Figure 8. (a) Strip plots from 3D NOESY-¹⁵N-HSQC spectra showing some of the medium-range NOEs defining helix IIa in GI and GII-L (those from the H^N of Gly81 and Gly214, respectively); the i->i+2 and i->i+3 NOEs for the corresponding residue in GII (Lys215) are absent from the GII spectrum. The NOEs for GII-L are shown schematically in (b) (MolScript v2.1.2[29] and Raster3D[30]). The red asterisks in (a) indicate an additional long-range NOE present in both GI and GII-L, from Gly81 to Phe86 and from Gly214 to Phe219, respectively, due to the tight packing of helix IIa against the hydrophobic core of the protein. This is also absent in GII. (c) Strip plots from 3D NOESY-¹³C-HSQC spectra showing long-range NOEs between the methyl groups of Val80 (GI), Val 213 (GII-L) and Leu214 (GII) and aromatic residues in the core of the protein; these long-range contacts are preserved in GII, despite the increased flexibility shown by residues in the loop.

The above figures are reprinted by permission from Elsevier: J Mol Biol (2005, 349, 608-620) copyright 2005.
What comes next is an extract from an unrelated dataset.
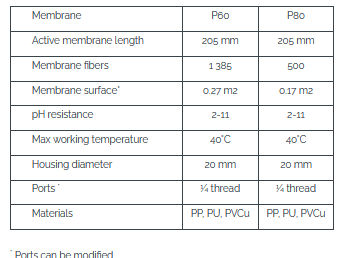 Cross flow, 4 port housed hollow fiber membrane module. Glued PVCu housing.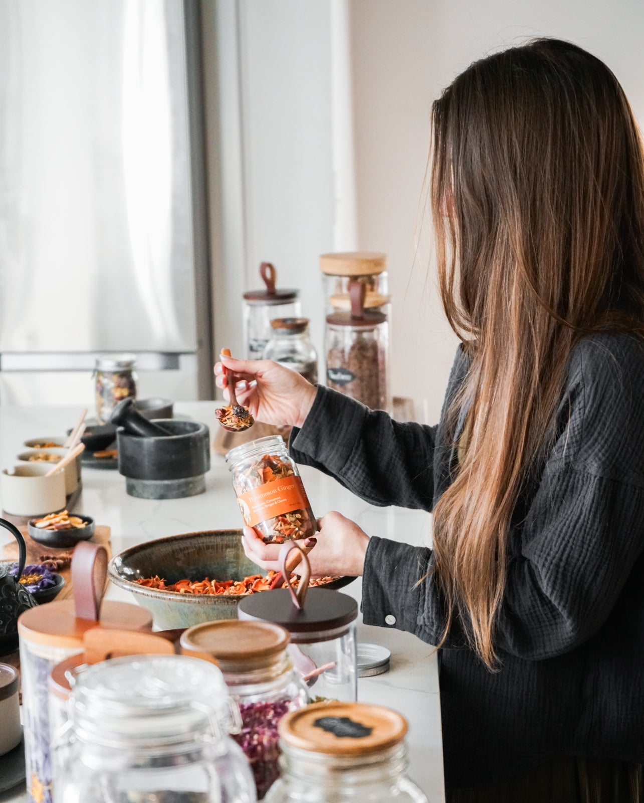 Every Ruya Tea blend is prepared in small batches using carefully selected herbs, flowers, and spices. Each jar reveals the beauty of whole botanical ingredients.

Figures were selected by the author.

Author's comment

Abstract
Yeast Hho1p contains two domains, GI and GII, that are homologous to the single globular domain of the linker histone H1 (GH1). We showed previously that the isolated GI and GII domains have different structural stabilities and functional properties. GI, like GH1 and the related GH5, is stably folded at low ionic strength (10 mM sodium phosphate) and gives strong protection of chromatosome-length DNA (approximately 166 bp) during micrococcal nuclease digestion of chromatin. GII is intrinsically unfolded in 10 mM sodium phosphate and gives weak chromatosome protection, but in 250 mM sodium phosphate has a structure very similar to that of GI as determined by NMR spectroscopy. We now show that the loop between helices II and III in GII is the cause of both its instability and its inability to confer strong chromatosome protection. A mutant GII, containing the loop of GI, termed GII-L, is stable in 10 mM sodium phosphate and is as effective as GI in chromatosome protection. Two GII mutants with selected mutations within the original loop were also slightly more stable than GII. In GII, two of the four basic residues conserved at the second DNA binding site (“site II”) on the globular domain of canonical linker histones, and in GI, are absent. Introduction of the two “missing” site II basic residues into GII or GII-L destabilised the protein and led to decreased chromatosome protection relative to the protein without the basic residues. In general, the ability to confer chromatosome protection in vitro is closely related to structural stability (the relative population of structured and unstructured states). We have determined the structure of GII-L by NMR spectroscopy. GII-L is very similar to GII folded in 250 mM sodium phosphate, with the exception of the substituted loop region, which, as in GI, contains a single helical turn.